Se após aquela derrota judicial ele primou pela hipocrisia, alegando que a corte negou-lhe competência para enfrentar a pandemia, quando seu verdadeiro objetivo era aproveitar uma situação emergencial para reduzir a autonomia das administrações estaduais e municipais, desta vez obteve no Congresso a aprovação de uma lei federal que, ao considerar combustíveis, transporte público, telecomunicações e energia elétrica bens essenciais, limita a cobrança do ICMS a um teto de 18%. Como, segundo a Constituição, esse imposto é de competência dos Estados, governadores de 11 unidades da Federação e do Distrito Federal questionaram no Supremo Tribunal Federal a constitucionalidade dessa lei. “Eles estão unidos contra a população, contra o contribuinte, contra o trabalhador”, reagiu o presidente.
Dois meses antes da aprovação dessa lei, o inquilino do Palácio do Planalto já havia pedido ao mesmo Supremo, e também sem sucesso, a suspensão das leis estaduais que definem a alíquota do ICMS sobre combustíveis, sob a justificativa de baixar o preço do diesel e da gasolina. E, recentemente, viu desembarcar em Brasília cerca de mil prefeitos cuja pauta era pressionar o Congresso e o governo a reverter as leis que, desde dezembro de 2021, comprometem o equilíbrio financeiro das prefeituras. Segundo a Confederação Nacional dos Municípios, algumas dessas leis teriam aumentado os gastos municipais em R$ 176,8 bilhões por ano, dos quais R$ 41,8 bilhões com efeito imediatos. Além disso, as demais leis teriam reduzido a arrecadação dos municípios em R$ 51,6 bilhões, dos quais R$ 31,2 bilhões com efeito imediato.
Entre os especialistas em finanças públicas, essas leis foram interpretadas como uma tentativa do presidente para enfraquecer entes subnacionais no curto e no médio prazo. Isso reduz a margem de ação dos prefeitos para formular e implementar políticas públicas. Também inviabiliza a prestação de serviços essenciais com padrões mínimos de qualidade, restringe investimentos em infraestrutura urbana. E ainda dificulta o estímulo a serviços voltados à formação de cadeias locais de valor. Entre os especialistas em direito constitucional e administrativo, considera-se que essa ofensiva teria por objetivo concretizar uma das ambições do presidente da República: a fragilização da estrutura federalista do Estado brasileiro prevista apela Constituição.

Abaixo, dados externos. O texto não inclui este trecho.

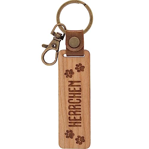 GRUSS & CO Nyckelhållare Nyckelkedja Trämotiv Herrchen | Hänge av Körsbärsträ med Gravyr Herrke, Inklusive Karbinhake | 48335, BRUN, Länge 15 cm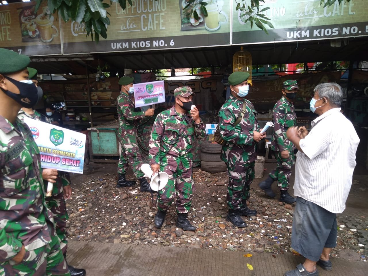 dutainfo.com-Jakarta: Dalam rangka sosialisasi “Jakarta Bermasker di massa PPKM, Babinsa Koramil 03/GP, Kodim 0503/JB bersama Tiga Pilar Jatipulo, Jakarta Barat, melaksanakan edukasi dan pembagian masker gratis.

Conhecido por seu oceânico despreparo, por seu desprezo à democracia e por sua incapacidade de compreender e acatar as funções limitadoras da Constituição, o chefe do Executivo sempre confundiu competências administrativas com a prerrogativa de legislar em nome do que chama de “democracia” e da “liberdade”. Imaginando-se dispor, legítima e legalmente, do poder de ser o fiel intérprete da ordem jurídica, em abril de 2020, durante uma manifestação em favor de uma intervenção militar e do fechamento do Congresso e do Judiciário, esse senhor chegou a fazer uma afirmação que dá a medida sua inconsequência e irresponsabilidade — “eu sou a Constituição”[1].
Não são a ignorância, a pretensão e a estupidez do autor da frase que chamam atenção. O que preocupa é outra coisa — principalmente se levarmos em consideração o que dizia Max Weber (1864-1920) sobre o Estado, em célebre conferência pronunciada em 1919[2]. “Sociologicamente, o Estado não se deixa definir a não ser pelo específico meio que lhe é peculiar, tal como é peculiar a todo outro agrupamento político, ou seja, o uso da coação física […]. A violência não é, evidentemente, o único instrumento de que se vale o Estado, mas é seu instrumento específico. Em nossos dias, a relação entre Estado e violência é particularmente íntima”. Por isso, o Estado contemporâneo, enquanto “comunidade humana dentro dos limites de determinado território, reivindica o monopólio do uso legítimo da violência física”. E uma das condições dessa legitimidade é a legalidade, “em razão da crença na validez de um estatuto legal e de uma competência fundada em regras racionalmente estabelecidas”, concluía.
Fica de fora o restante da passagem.